Here is another program where threadDelay has been "factored out", this one doesn't use any CPU and can be executed easily with 100000 threads:
e :: MVar () -> MVar () -> IO ()
e start end =
do
takeMVar start
putMVar end ()
main =
do
args <- getArgs
let (numThreads, sleep) = case args of
numS:sleepS:[] -> (read numS :: Int, read sleepS :: Int)
_ -> error "wrong args"
starts <- mapM (const newEmptyMVar ) [1..numThreads]
ends <- mapM (const newEmptyMVar ) [1..numThreads]
mapM_ (\ (start,end) -> forkIO $ e start end) (zip starts ends)
mapM_ (\ start -> putMVar start () ) starts
putStrLn "All threads created"
threadDelay (sleep * 1000 * 1000)
mapM_ (\ end -> takeMVar end ) ends
putStrLn "All done"
And the results:
129,270,632 bytes allocated in the heap
404,154,872 bytes copied during GC
77,844,160 bytes maximum residency (10 sample(s))

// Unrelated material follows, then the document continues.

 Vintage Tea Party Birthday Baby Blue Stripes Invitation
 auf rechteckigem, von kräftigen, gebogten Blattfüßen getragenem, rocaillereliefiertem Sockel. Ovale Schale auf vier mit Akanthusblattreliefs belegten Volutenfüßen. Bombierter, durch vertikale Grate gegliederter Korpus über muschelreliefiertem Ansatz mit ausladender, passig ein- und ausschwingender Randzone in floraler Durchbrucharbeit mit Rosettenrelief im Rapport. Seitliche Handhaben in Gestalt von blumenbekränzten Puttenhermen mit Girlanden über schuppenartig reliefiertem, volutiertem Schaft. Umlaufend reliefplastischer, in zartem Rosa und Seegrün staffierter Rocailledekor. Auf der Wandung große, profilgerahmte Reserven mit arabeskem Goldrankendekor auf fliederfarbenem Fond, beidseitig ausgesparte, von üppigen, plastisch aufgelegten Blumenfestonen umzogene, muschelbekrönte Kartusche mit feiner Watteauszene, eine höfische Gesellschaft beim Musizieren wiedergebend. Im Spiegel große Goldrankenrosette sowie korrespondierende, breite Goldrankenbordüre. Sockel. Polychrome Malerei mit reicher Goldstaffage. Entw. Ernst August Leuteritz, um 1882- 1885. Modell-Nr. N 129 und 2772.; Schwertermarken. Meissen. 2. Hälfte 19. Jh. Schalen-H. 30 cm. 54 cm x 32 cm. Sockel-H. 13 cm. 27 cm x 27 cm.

10,929,688 bytes maximum slop
165 MB total memory in use (0 MB lost due to fragmentation)
Tot time (elapsed) Avg pause Max pause
Gen 0 128 colls, 128 par 0.178s 0.079s 0.0006s 0.0152s
Gen 1 10 colls, 9 par 0.367s 0.137s 0.0137s 0.0325s
Parallel GC work balance: 50.09% (serial 0%, perfect 100%)
TASKS: 10 (1 bound, 9 peak workers (9 total), using -N4)

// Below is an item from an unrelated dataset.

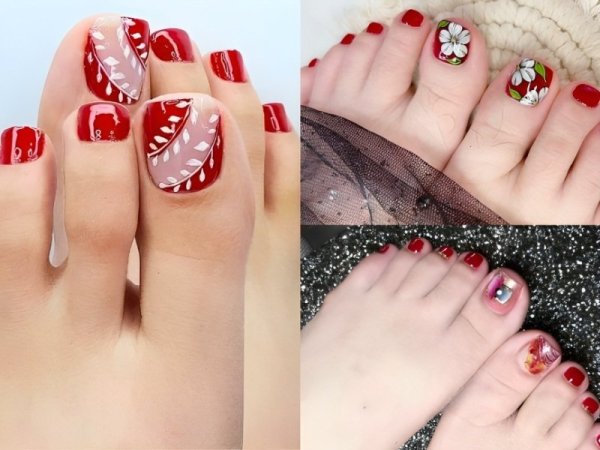 Nail đỏ rượu hoạ tiết hoa. (Nguồn: NaUy – Pinterest) Mẫu nail sơn móng chân màu đỏ rượu hoạ tiết hoa nổi xinh. (Nguồn: Ann Nhi – Pinterest)Mẫu móng chân màu đỏ rượu vang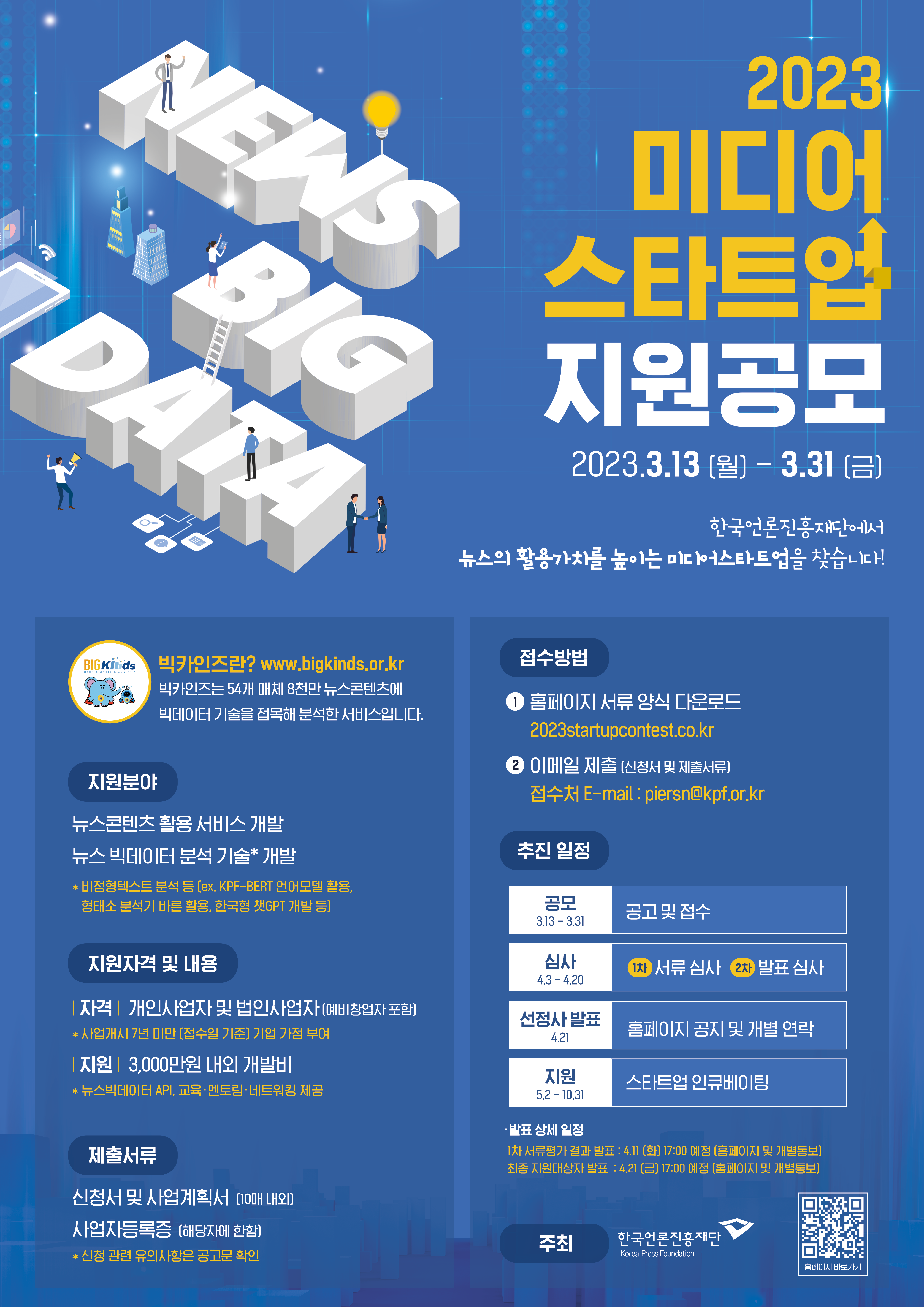 한국언론진흥재단에서는 뉴스 콘텐츠의 활용가치를 높일 수 있는 다양한 사업 아이디어 지원을 위해 『2023년 미디어 스타트업 지원 사업』을 진행합니다.

SPARKS: 0 (0 converted, 0 overflowed, 0 dud, 0 GC'd, 0 fizzled)
INIT time 0.000s ( 0.001s elapsed)
MUT time 0.189s ( 10.094s elapsed)
GC time 0.545s ( 0.217s elapsed)
EXIT time 0.001s ( 0.002s elapsed)
Total time 0.735s ( 10.313s elapsed)
Alloc rate 685,509,460 bytes per MUT second
Productivity 25.9% of total user, 1.8% of total elapsed
On my i5, it takes less than one second to create the 100000 threads and put the "start" mvar. The peak residency is at around 778 bytes per thread, not bad at all!

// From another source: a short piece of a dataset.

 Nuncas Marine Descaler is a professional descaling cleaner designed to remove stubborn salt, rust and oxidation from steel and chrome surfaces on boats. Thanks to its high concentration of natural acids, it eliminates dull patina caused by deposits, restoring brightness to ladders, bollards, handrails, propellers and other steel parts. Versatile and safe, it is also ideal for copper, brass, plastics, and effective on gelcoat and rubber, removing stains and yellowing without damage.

Checking threadDelay's implementation, we see that it is effectively different for the threaded and unthreaded case:
https://hackage.haskell.org/package/base-4.8.1.0/docs/src/GHC.Conc.IO.html#threadDelay
Then here: https://hackage.haskell.org/package/base-4.8.1.0/docs/src/GHC.Event.TimerManager.html
which looks innocent enough. But an older version of base has an arcane spelling of (memory) doom for those that invoke threadDelay:
https://hackage.haskell.org/package/base-4.4.0.0/docs/src/GHC-Event-Manager.html#line-121
If there is still an issue or not, it is hard to say. However, one can always hope that a "real life" concurrent program won't need to have too many threads waiting on threadDelay at the same time. I for one will keep an eye on my usage of threadDelay from now on.